Master thesis intrusion detection system

Research has shown that there is massive growth of cyber-crime and the currently available number of Cyber Security experts to counter this is limited. Hence, classical detection systems show poor performance in detecting novel attacks.

Although much research has been devoted to improving the performance of intrusion detection systems, few methods can achieve consistently efficient results with the constant changes in network communications.

Master thesis intrusion detection system

Issues arise when attacks are not noticed by an existing IDS because the attack does not fit the pre-defined attack signatures the IDS is implemented to discover. Rigoberto Chinchilla Abstract Cyber Security will always be a subject of discussion for a long time to come.

What is hybrid intrusion detection system

This thesis proposes an intrusion detection system based on modeling distributions of network flow statistics in order to achieve a high detection rate for known and stealthy attacks. This public firewall might empower students and instructors with practical cyber-attacks, detection techniques, prevention techniques, and forensics analysis tools. This thesis explores different up to date techniques and methods for detection and prevention of cyber-attacks. These types of attacks are able to bypass existing IDSs, increase the potential for a web application security breach to occur and not be detected. It may also provide the knowledge required for further research in the field of Cyber Security. This thesis intends to address this problem. Although much research has been devoted to improving the performance of intrusion detection systems, few methods can achieve consistently efficient results with the constant changes in network communications. This aggregated traffic is used to build the distribution of network statistics for the most frequent IPv4 addresses encountered as destination. The obtained probability density functions are learned by the Extreme Learning Machine method which is a single-hidden layer feedforward neural network. The proposed hybrid model for data breach detection benefits organizations by increasing security measures and allowing attacks to be identified in less time and more efficiently. The proposed model aggregates the traffic at the IP subnetwork level using a hierarchical heavy hitters algorithm. Master of Science in Information Technology Theses. In particular, the attacks under study are all web application layer attacks.

The obtained probability density functions are learned by the Extreme Learning Machine method which is a single-hidden layer feedforward neural network. Despite current IDSs capabilities, little research has identified a method to detect all potential attacks on a system.

In this thesis, different sequential and batch learning strategies are proposed in order to analyze the efficiency of this proposed approach. This thesis proposes an intrusion detection system based on modeling distributions of network flow statistics in order to achieve a high detection rate for known and stealthy attacks.

hybrid intrusion detection system: technology and development

These types of attacks are able to bypass existing IDSs, increase the potential for a web application security breach to occur and not be detected. This thesis intends to address this problem.

Hybrid detection

The Open Web Application Security Project OWASP , generally defines web application security violations as unauthorized or unintentional exposure, disclosure, or loss of personal information.
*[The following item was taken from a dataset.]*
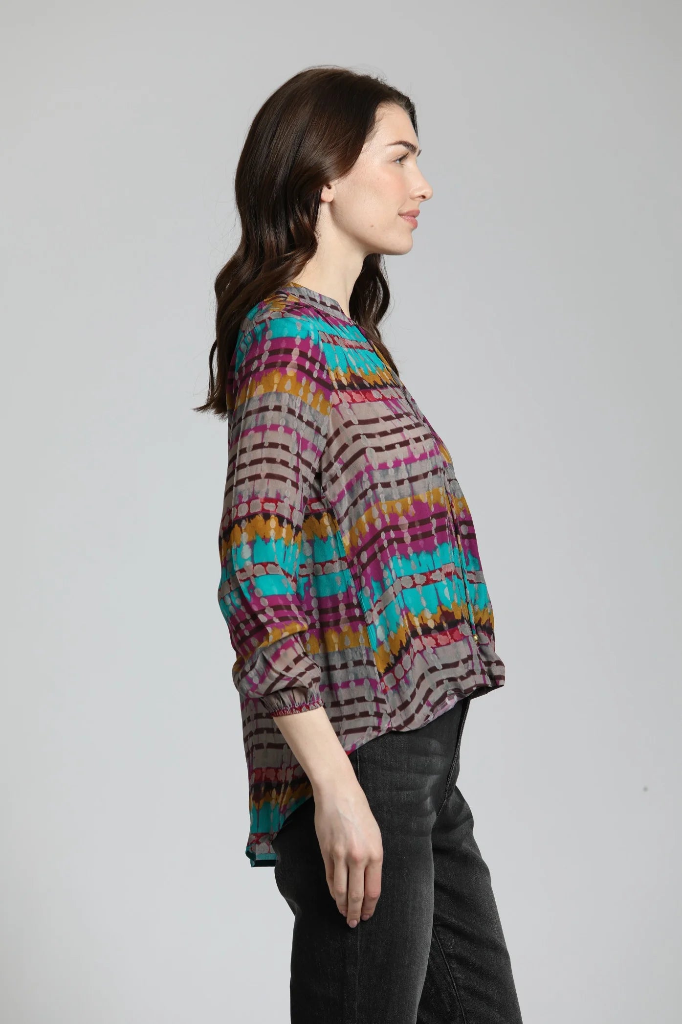 A gorgeous color palette and unique print made in a luxurious viscose/cupro sustainable fabric. Shades of chocolate brown, mustard, magenta, teal and red make this top versatile to style with trousers for work or denim. Breathable and comfortable on the skin.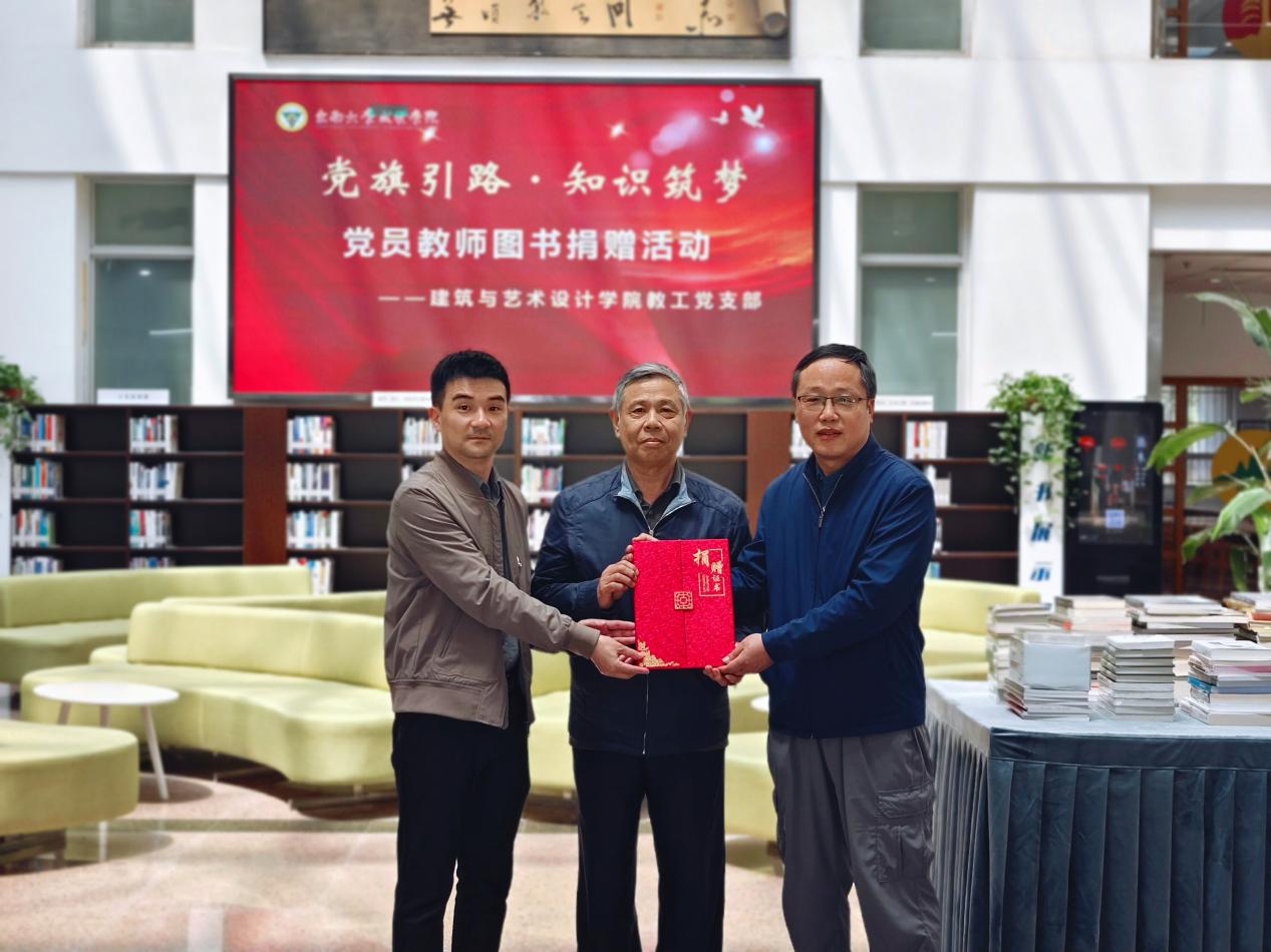 建筑与艺术设计学院教工党支部书记王桉代表支部党员教师捐赠图书,图书馆馆长封晓倩代表校图书馆接收赠书。

Such systems currently rely on either signatures of the attack used for the data breach or changes in the behavior patterns of the system to identify an intruder. Despite current IDSs capabilities, little research has identified a method to detect all potential attacks on a system. The obtained probability density functions are learned by the Extreme Learning Machine method which is a single-hidden layer feedforward neural network. This aggregated traffic is used to build the distribution of network statistics for the most frequent IPv4 addresses encountered as destination. This thesis explores different up to date techniques and methods for detection and prevention of cyber-attacks. Master of Science in Information Technology Theses. The overall outcome of this research is to design a public testing site that invites hackers to attack for the purpose of detection, prevention and security incidence analysis. Issues arise when attacks are not noticed by an existing IDS because the attack does not fit the pre-defined attack signatures the IDS is implemented to discover. This thesis intends to address this problem. It may also provide the knowledge required for further research in the field of Cyber Security. Recommended Citation Bronte, Robert N.

The proposed model aggregates the traffic at the IP subnetwork level using a hierarchical heavy hitters algorithm.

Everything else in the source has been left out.